£66.95
Caledonia Edradour is a special single cask release, selected by songwriter Dougie Maclean and named after his famous song, Caledonia. This handmade single malt is a small batch bottling.
“I wrote Caledonia, in 1977 on a beach in Brittany, France, when I was genuinely homesick for Scotland. My life has always been based in Perthshire. For me, the location of Edradour, with its neat cluster of whitewashed buildings, traditional equipment and employment of ancient methods of making single malt whisky, combined with its state of the art bottling facility, typify Caledonia. So it is great to be joining forces with Andrew Symington and Edradour Distillery, to bring you this wonderfully rich and complex 12 year old single malt.” Dougie Maclean
At a strength of 46% ABV and unchillfiltered, Caledonia retains maximum flavour with great depth and body. Initial maturation in Bourbon casks followed by an Oloroso Finish of 4-5 years. An old fashioned whisky for those looking for how whisky used to be made.
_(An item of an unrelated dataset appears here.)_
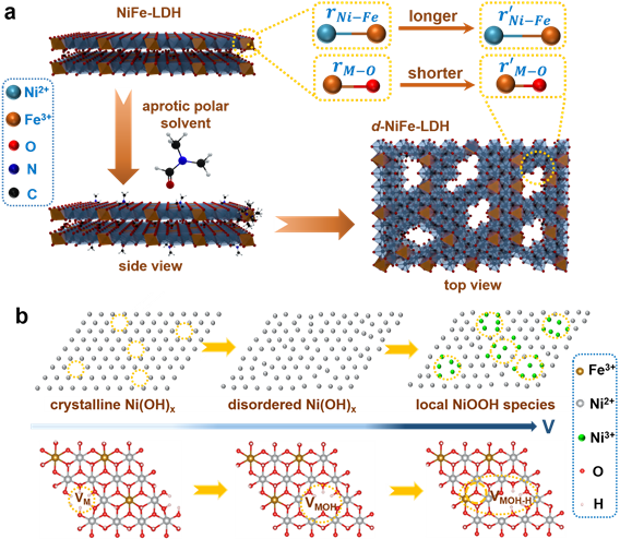 NiFe-LDH是常用的碱性电解水析氧(OER)电催化剂。已有研究表明OER过程中NiFe-LDH发生显著表面重构,生成NiOOH等表面高价态物种。但是,在OER高电压影响下,该表面重构过程究竟仅是催化剂不可避免的电氧化,还是OER本征活性位点,当前仍有争议。同时,NiFe-LDH中的缺陷可明显改善其OER电催化性能。然而,空位缺陷具体结构,缺陷与电催化剂表面重构关系尚不明确。

Another of central Perthshire’s multiplicity of farm distilleries, Edradour started production at its current site in 1837, although one of the farmers who formed that original consortium, Duncan Forbes, had been legally distilling close by since 1825. The plentiful supplies of water, tight, hidden glens, and access to back roads into Perth, made this a prime area for moonshining, so it is entirely possible (even probable) that Forbes knew the intricacies of whisky-making before going legit.
It remained associated with the original grouping until 1933, when the Mackintosh family sold it as a (barely) going concern to the famous blending house of William Whiteley. Quite why Whiteley bought such a small distillery – it was Scotland’s tiniest for many years – has never been fully explained. The firm had built up a solid business in the US during Prohibition with its King’s Ransom blend, thanks to Whiteley’s appointment of none other than Mafia boss Frank Costello as his US sales representative. Five years later, Costello’s associate Irving Haim took over as Edradour’s owner, with Costello (and his firm) taking a share of sales of King’s Ransom. This slightly unusual arrangement lasted until Haim’s death in 1976.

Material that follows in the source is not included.